Teaching Hospitals May Benefit From Schumer’s Likely Ascension in Leadership
Teaching hospitals have an ally in New York Sen. Charles E. Schumer and are likely to benefit if, as expected, he becomes the Senate’s next Democratic leader.
Schumer could leverage his newfound influence in Congress to increase medical education spending and Medicare payments to institutions.
Other niche health and consumer issues championed by Schumer could pick up steam should Senate Democrats elect him to succeed Minority Leader Harry Reid of Nevada, who is retiring at the end of 2016. Reid and other party leaders and many in the caucus have overwhelmingly endorsed Schumer, currently the Policy and Communications Committee chairman and a staunch defender of the 2010 health care law (PL 111-148, PL 111-152).
As the Senate’s No. 3 Democrat, Schumer has long been a vocal advocate for spending more on medical teaching programs and rural hospitals, and he has lead efforts in Congress to enhance money for graduate medical education, or GME. He has also backed legislation to increase the number of Medicare-supported residency positions.
At a Finance Committee hearing in February, Schumer criticized a proposal in the administration’s fiscal 2016 budget to reduce Medicare payments to teaching hospitals, citing concerns over a physician shortage. Federal GME funding partially reimburses teaching hospitals for training physicians in a residency program after medical school.
“I can’t even understand your logic here,” Schumer told Health and Human Services Secretary Sylvia Mathews Burwell.
Schumer often sharpens his focus to help hospitals in his own state. In December, he began pressing HHS to reimburse Bellevue Hospital in New York City and several other treatment centers in the Empire State for the millions they spent preparing for an Ebola outbreak. The fiscal 2015 appropriations bill (PL 113-235) included more than $5.4 billion in new funding for Ebola response efforts, and HHS is tasked with determining how to distribute $700 million of that sum to hospitals across the country. Bellevue treated New York’s only Ebola patient.
“All of the state’s hospitals quickly and meticulously answered the call of duty to handle the Ebola threat … they cannot be left behind when it comes to being reimbursed for this critical, but expensive work,” Schumer said at the time. “The costs of being prepared have been extremely high in order to ready for a potential patient.”
Last month, Schumer joined fellow New York Democrats Sen. Kirsten Gillibrand and Rep. Nita M. Lowey in urging the Federal Emergency Management Agency to grant $5 million to a hospital in Mount Kisco, N.Y., to upgrade its power grid in the wake of Superstorm Sandy, so that the facility is prepared for future storms.
Medical Hub
Schumer’s concern for hospitals is understandable. New York is home to some of the largest and most prestigious medical education programs in the nation. Teaching hospitals in the region are estimated to train 1 out of every 7 doctors in the country, according to the most recent figures from the Greater New York Hospital Association.

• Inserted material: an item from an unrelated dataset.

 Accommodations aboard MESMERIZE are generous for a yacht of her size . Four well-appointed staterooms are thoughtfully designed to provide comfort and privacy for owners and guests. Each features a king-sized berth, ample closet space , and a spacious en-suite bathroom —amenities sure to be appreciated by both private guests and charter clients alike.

“Both the American Hospital Association and the Association of American Medical Colleges have always looked to the senator, as we have, for taking on some tough issues at the national level and providing a guiding light,” the New York hospital group’s president, said Kenneth E. Raske. “His passion on graduate medical education is known throughout the land.”

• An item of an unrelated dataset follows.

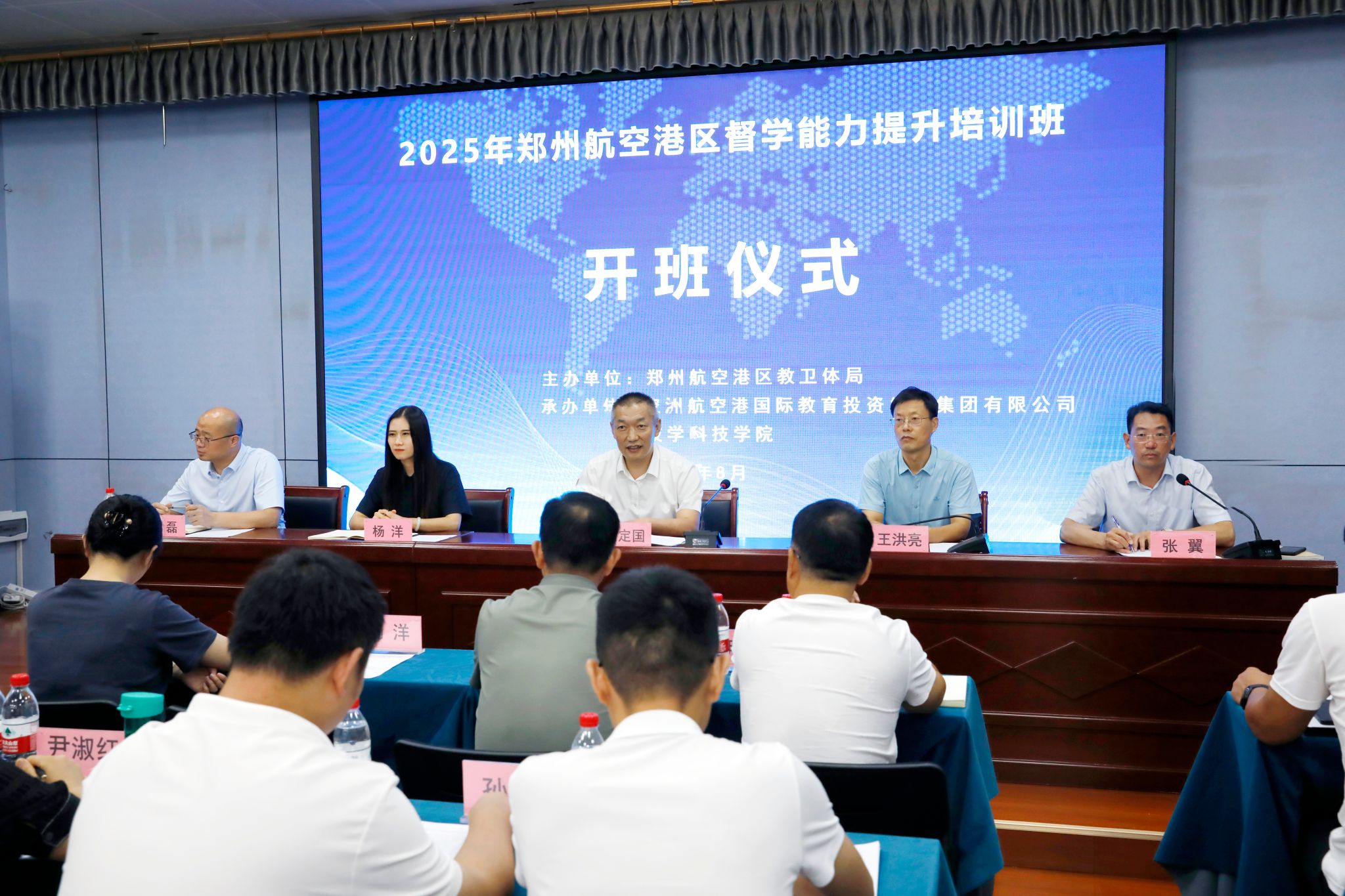 8月12日下午,2025年郑州航空港区督学能力提升培训班在我校学术交流中心举行开班仪式。河南科技学院副校长王洪亮、郑州航空港区教卫体局局长禹定国、教育局和教育集团相关科室负责人,继续教育学院、教育培训中心负责人,以及来自郑州航空港区的90名责任督学参加了开班仪式。开班仪式由教育培训中心负责人主持。

Raske added that he and Schumer “speak fairly frequently” and he said the lawmaker is “very mindful of a lot of health care issues.”

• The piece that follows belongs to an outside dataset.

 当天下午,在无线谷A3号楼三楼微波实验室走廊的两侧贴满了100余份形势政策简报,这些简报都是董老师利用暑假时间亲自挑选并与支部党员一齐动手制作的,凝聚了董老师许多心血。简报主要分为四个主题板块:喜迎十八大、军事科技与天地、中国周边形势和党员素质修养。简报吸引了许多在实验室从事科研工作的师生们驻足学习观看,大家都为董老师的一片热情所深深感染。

In a testament to Schumer’s strong ties to hospitals in the state, employees and executives at the New York University Langone Medical Center gave more to him in the 2014 election cycle than to any other candidate. Total NYU donations to Schumer, the former chairman of the Democratic Senatorial Campaign Committee, were $65,075, according to the nonpartisan Center for Responsive Politics — the seventh largest contribution total he received that campaign cycle.
Schumer’s calls for boosting hospital funding and expanding graduate medical education are likely to be amplified if he ascends to the top Democratic spot and gains more influence over the chamber’s agenda, albeit not the influence Reid enjoyed during eight years as majority leader, from 2007 through 2014.
Beyond hospitals, Schumer has weighed in on a host of health and consumer issues, including banning the caffeinated alcoholic beverage Four Loko. Most recently, he has set his sights on prohibiting a powdered alcohol. He routinely sponsors legislation to curb underage drinking, calls attention to the dangers of liquid detergent pods and backs greater privacy protections for fitness device wearers.
“If good fortune is that [Schumer] does become the next leader, I think the country will be very well-served,” Raske said.